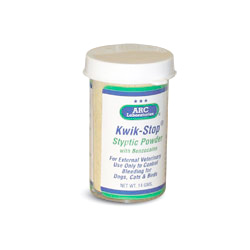 爪のケガはたとえ小さなものでもとてもペットにとってはとても痛く、時にはパニックになってしまう場合もあり、患部を触ろうとすると怒って噛みついてくる可能性がありますが、ペットを落ち着かせ、応急処置を行ってください。出血した際に、清潔なガーゼなどにクイックストップをちょっと付けて、出血部位にあててしっかりと2〜3分圧迫止血を行います。
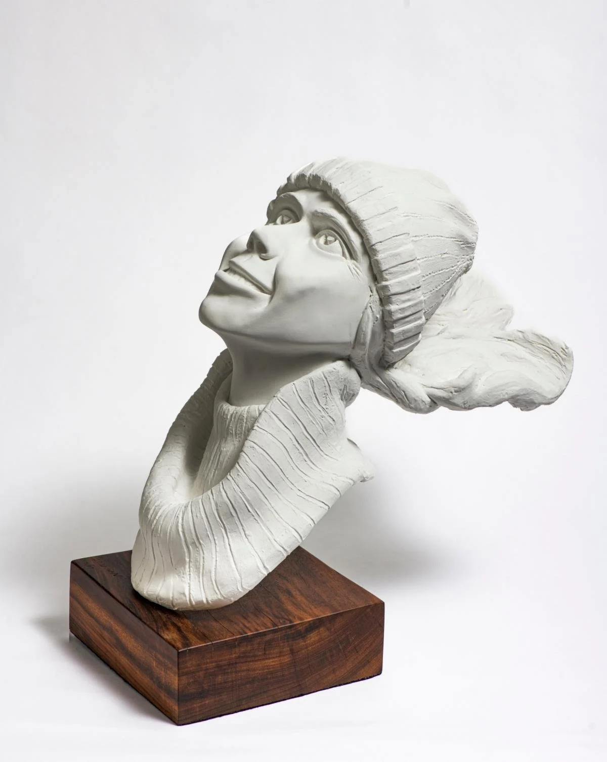 “In Winter” (cast resin), by Memy Ish-Shalom, in his show “Dreams and Memories, ‘‘ at Galatea Fine Art, Boston, Dec. 2-Jan. 8. He’s an immigrant from Israel now living in Newton, Mass.
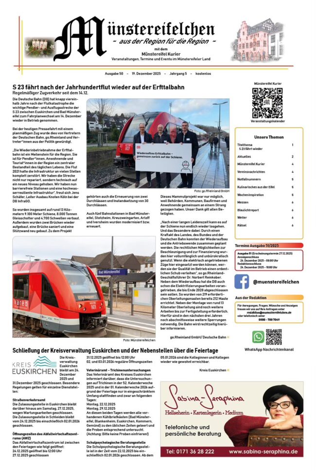 Nach langer Wartezeit fährt nun unsere S23 wieder bis Bad Münstereifel. Ohne großes Brimborium war sie dann wieder da und wird auch schon fleissig in Anspruch genommen. Das DRK Kreisverband Euskirchen beendet das Jahr 2025 mit einem versöhnlichen Rückblick und präsentiert sein Jahresprogramm 2026. Und zum Jahresabschluss gibt es auch noch Bewegung in dem heiß…
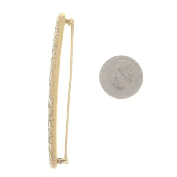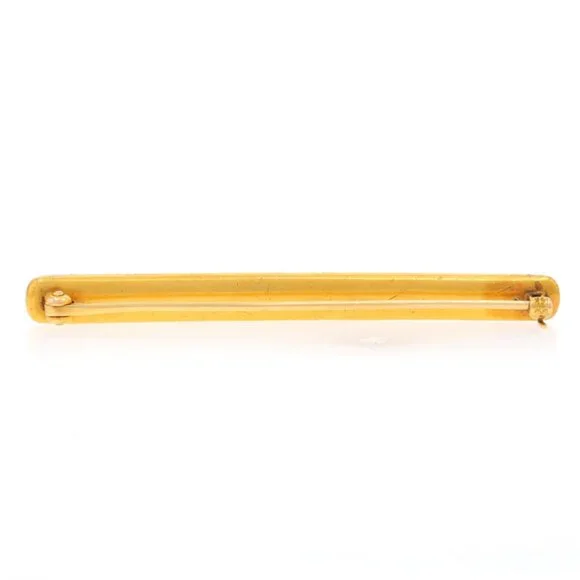 Era: EdwardianDate: 1900s - 1910sMetal Content: 14k Yellow GoldMaterial InformationMaterial: EnamelColor: Blue & WhiteStyle: Bar BroochFastening Type: Hinged Pin and Locking C-ClaspTheme: Flower GarlandMeasurementsTall: 1/4" (5.6mm)Wide: 2 1/2" (62.9mm)Weight: 4.8 GramsStamps: 14k, maker's markCondition: Pre-OwnedIn order to maintain its original antique integrity, this piece has not been professionally cleaned but it has been tested to guarantee metal content.
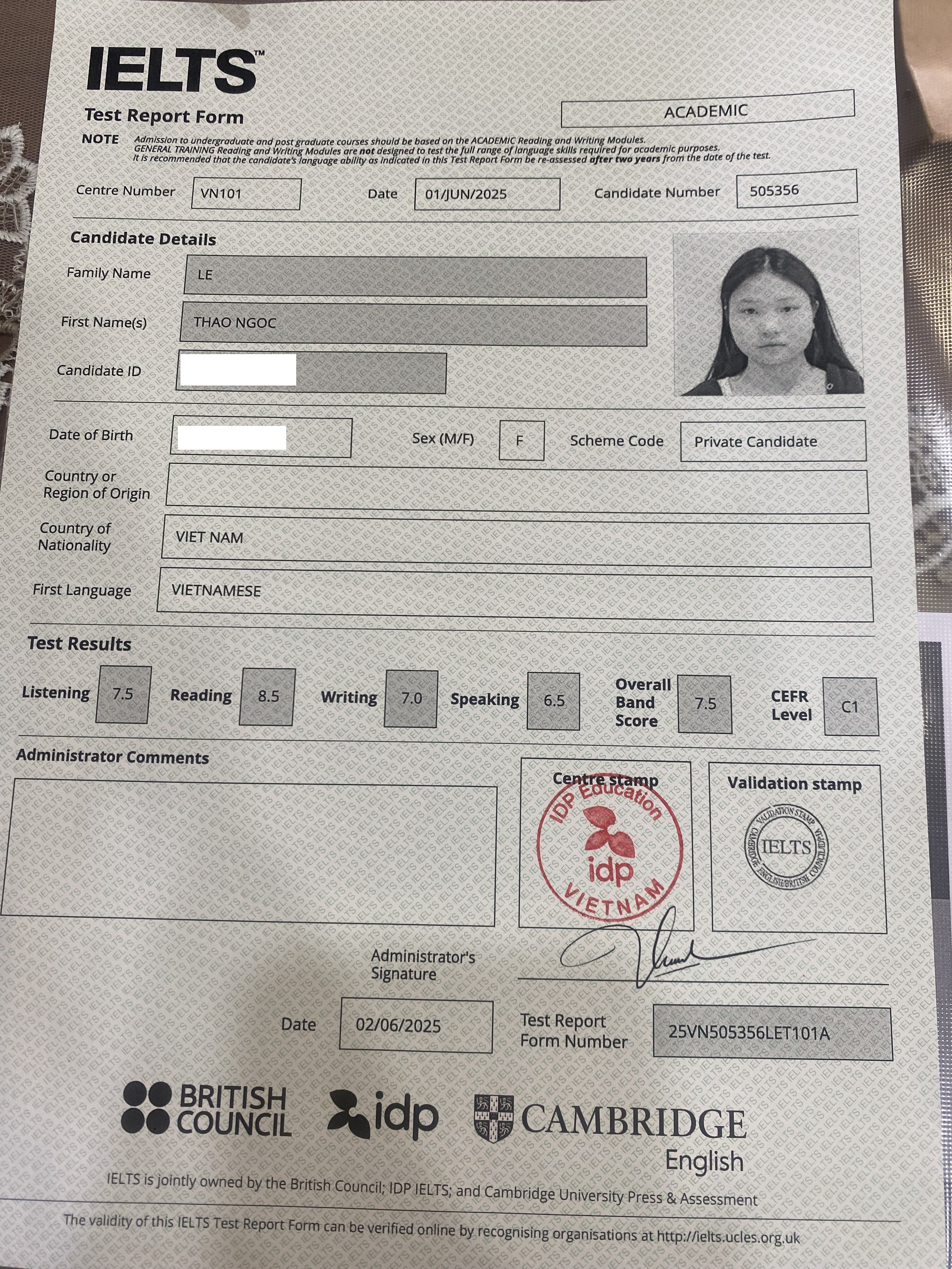 Lê Thảo Ngọc – 7.5 IELTS
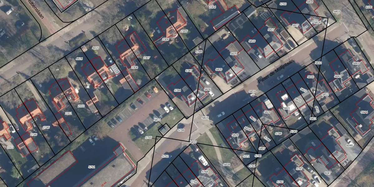 Het perceel waarop Pieter de Molijnlaan 16 staat heeft een oppervlakte van 311 m². Dit is een groot perceel. De perceeloppervlakte wordt geregistreerd door het Kadaster. Gedetailleerde informatie over de maten van dit perceel kunt u vinden in het rapport Kadastrale kaart met maatvoering van Pieter de Molijnlaan 16.
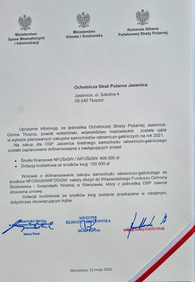 Z powiatu wołomińskiego promesy otrzymały jednostki OSP Jasienica Gm. Tłuszcz na zakup średniego samochodu ratowniczo – gaśniczego oraz OSP Kuligów Gm. Dąbrówka na zakup lekkiego samochodu ratowniczo – gaśniczego. Obie jednostki są włączone w struktury Krajowego systemu ratowniczo – gaśniczego.
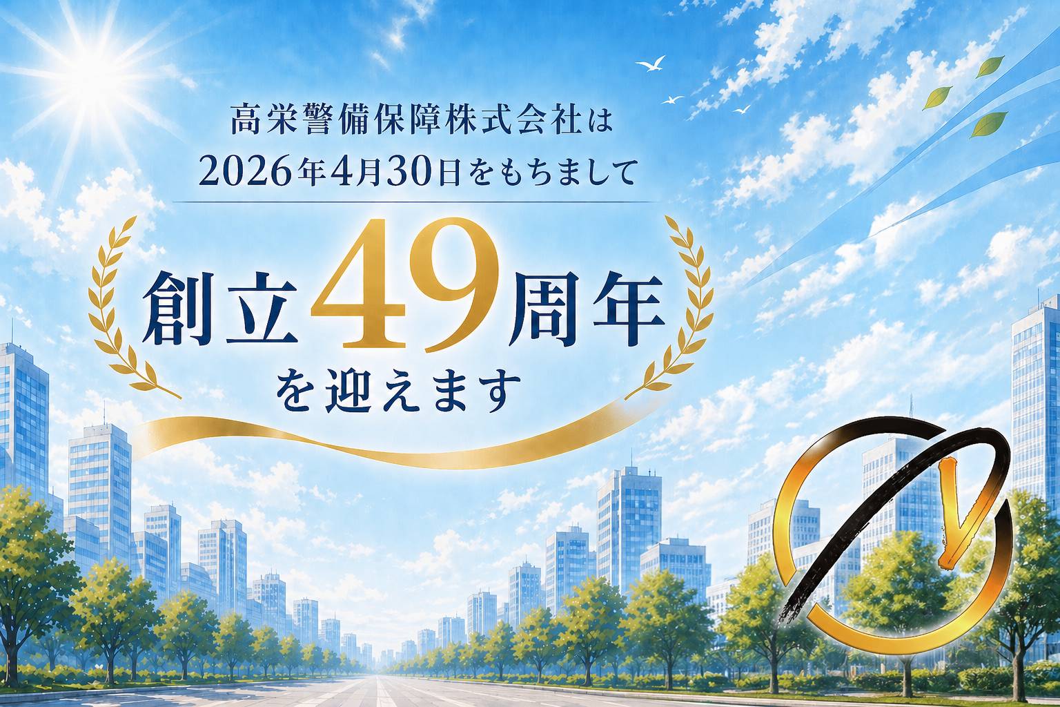 高栄警備保障株式会社は、2026年4月30日をもちまして創立49周年を迎えます。まもなくこの節目を迎えられますのも、ひとえに皆様のご支援とご愛顧の賜物と心より感謝申し上げます。
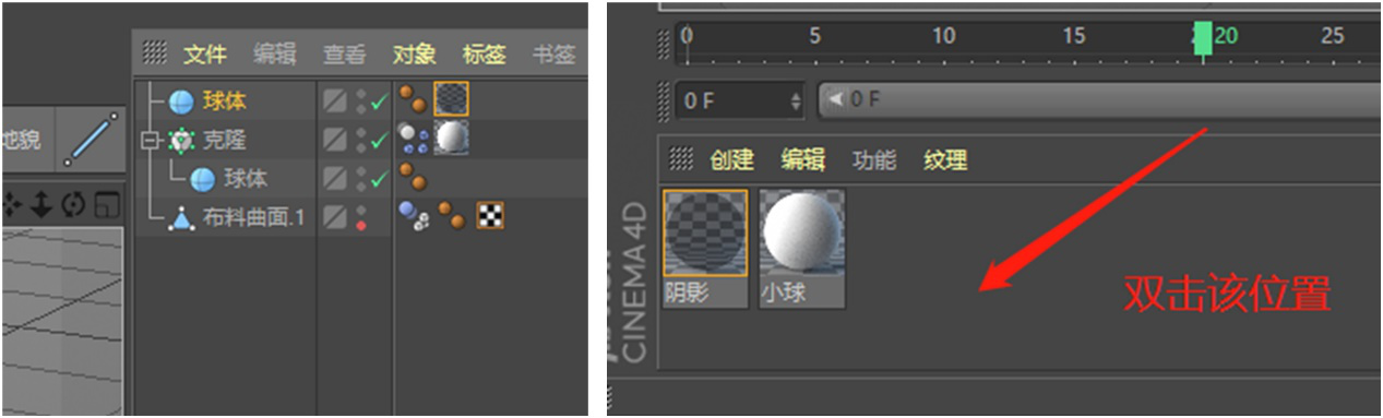 2.7 新建一个球体来作为阴影效果,球体位置和属性保持默认就好;双击材质区空白位置,可新建材质,这里新建两个材质,将材质分别拖拽给相应的对象(球体和克隆)。
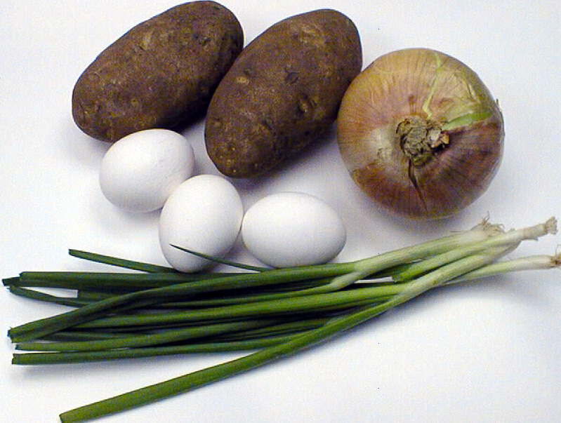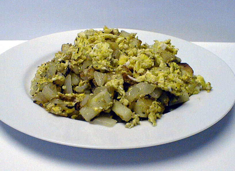 Heat grease in a large cast iron skillet until hot. Add potatoes to hot skillet. Cook until potatoes are lightly browned on all sides stirring often. When the potatoes are browned but still a little crisp in the middle, stir in onions. Add a little more oil if necessary to keep the potatoes from sticking too much. Add 1-2 tablespoons of water and cover the pan. The water will instantly turn to steam and soften the potatoes. Let cook covered 2-3 minutes. Remove lid and push the potatoes to the sides of the skillet so that there is a hole in the middle. Add a tablespoon of oil if there is none in the center of the skillet. Use a fork to beat eggs slightly with 2 tablespoons of water. Pour eggs into the center of the skillet. Keeping the eggs in the center, stir until they are scrambled. Then stir the eggs throughout the potatoes and onions. Add black pepper and salt to taste and serve. Let each person add ketchup to taste.
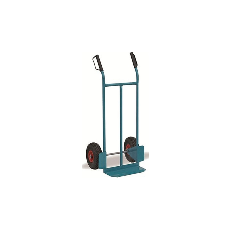 Carrello per casse e scatole. Ruote pneumatiche con cuscinetti a rulli diametro 260x85 mm. Tubolari in acciaio da mm 25x1,5 spessore. Portata 200 kg. Peso kg 7,2.
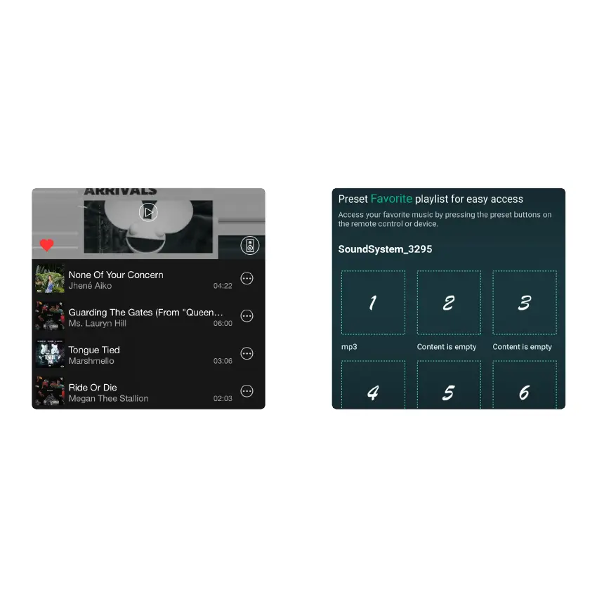There are 6 buttons on the remote control, users can preset play lists (Only the lists with speaker icon can
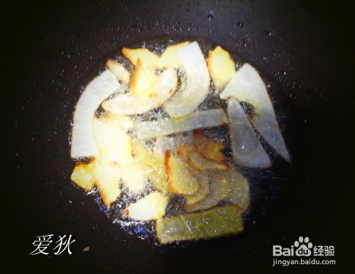 食材准备好了,炒锅加油,放入姜片,洋葱,炸到黄色的时候,捞出,只要姜葱油。姜葱不能留在菜里是因为葱煮烂了很难看,影响菜品的成色。
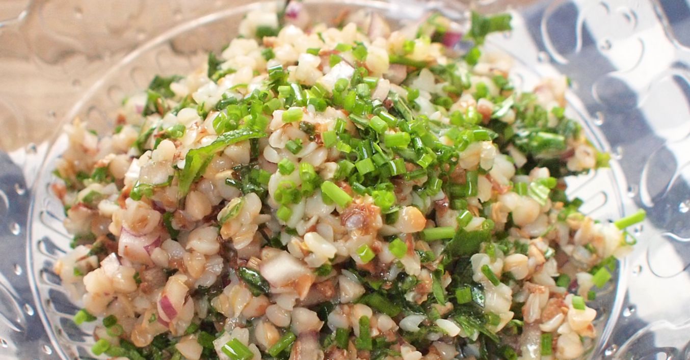 Přivedeme k mírnému varu a pomalu dusíme do změknutí pohanky. Podle potřeby podlijeme vývarem (nebo vodou navíc). Na konci zkontrolujeme dochucení a vmícháme nadrobno nasekané bylinky.
◇ ◇ ◇ ◇ ◇
__Work order__
Give the records again without a single change, and exclude the pictures.

__Answer below__
 爪のケガはたとえ小さなものでもとてもペットにとってはとても痛く、時にはパニックになってしまう場合もあり、患部を触ろうとすると怒って噛みついてくる可能性がありますが、ペットを落ち着かせ、応急処置を行ってください。出血した際に、清潔なガーゼなどにクイックストップをちょっと付けて、出血部位にあててしっかりと2〜3分圧迫止血を行います。
 “In Winter” (cast resin), by Memy Ish-Shalom, in his show “Dreams and Memories, ‘‘ at Galatea Fine Art, Boston, Dec. 2-Jan. 8. He’s an immigrant from Israel now living in Newton, Mass.
 Nach langer Wartezeit fährt nun unsere S23 wieder bis Bad Münstereifel. Ohne großes Brimborium war sie dann wieder da und wird auch schon fleissig in Anspruch genommen. Das DRK Kreisverband Euskirchen beendet das Jahr 2025 mit einem versöhnlichen Rückblick und präsentiert sein Jahresprogramm 2026. Und zum Jahresabschluss gibt es auch noch Bewegung in dem heiß…
 Era: EdwardianDate: 1900s - 1910sMetal Content: 14k Yellow GoldMaterial InformationMaterial: EnamelColor: Blue & WhiteStyle: Bar BroochFastening Type: Hinged Pin and Locking C-ClaspTheme: Flower GarlandMeasurementsTall: 1/4" (5.6mm)Wide: 2 1/2" (62.9mm)Weight: 4.8 GramsStamps: 14k, maker's markCondition: Pre-OwnedIn order to maintain its original antique integrity, this piece has not been professionally cleaned but it has been tested to guarantee metal content.
 Lê Thảo Ngọc – 7.5 IELTS
 Het perceel waarop Pieter de Molijnlaan 16 staat heeft een oppervlakte van 311 m². Dit is een groot perceel. De perceeloppervlakte wordt geregistreerd door het Kadaster. Gedetailleerde informatie over de maten van dit perceel kunt u vinden in het rapport Kadastrale kaart met maatvoering van Pieter de Molijnlaan 16.
 Z powiatu wołomińskiego promesy otrzymały jednostki OSP Jasienica Gm. Tłuszcz na zakup średniego samochodu ratowniczo – gaśniczego oraz OSP Kuligów Gm. Dąbrówka na zakup lekkiego samochodu ratowniczo – gaśniczego. Obie jednostki są włączone w struktury Krajowego systemu ratowniczo – gaśniczego.
 高栄警備保障株式会社は、2026年4月30日をもちまして創立49周年を迎えます。まもなくこの節目を迎えられますのも、ひとえに皆様のご支援とご愛顧の賜物と心より感謝申し上げます。
 2.7 新建一个球体来作为阴影效果,球体位置和属性保持默认就好;双击材质区空白位置,可新建材质,这里新建两个材质,将材质分别拖拽给相应的对象(球体和克隆)。
 Heat grease in a large cast iron skillet until hot. Add potatoes to hot skillet. Cook until potatoes are lightly browned on all sides stirring often. When the potatoes are browned but still a little crisp in the middle, stir in onions. Add a little more oil if necessary to keep the potatoes from sticking too much. Add 1-2 tablespoons of water and cover the pan. The water will instantly turn to steam and soften the potatoes. Let cook covered 2-3 minutes. Remove lid and push the potatoes to the sides of the skillet so that there is a hole in the middle. Add a tablespoon of oil if there is none in the center of the skillet. Use a fork to beat eggs slightly with 2 tablespoons of water. Pour eggs into the center of the skillet. Keeping the eggs in the center, stir until they are scrambled. Then stir the eggs throughout the potatoes and onions. Add black pepper and salt to taste and serve. Let each person add ketchup to taste.
 Carrello per casse e scatole. Ruote pneumatiche con cuscinetti a rulli diametro 260x85 mm. Tubolari in acciaio da mm 25x1,5 spessore. Portata 200 kg. Peso kg 7,2.
There are 6 buttons on the remote control, users can preset play lists (Only the lists with speaker icon can
 食材准备好了,炒锅加油,放入姜片,洋葱,炸到黄色的时候,捞出,只要姜葱油。姜葱不能留在菜里是因为葱煮烂了很难看,影响菜品的成色。
 Přivedeme k mírnému varu a pomalu dusíme do změknutí pohanky. Podle potřeby podlijeme vývarem (nebo vodou navíc). Na konci zkontrolujeme dochucení a vmícháme nadrobno nasekané bylinky.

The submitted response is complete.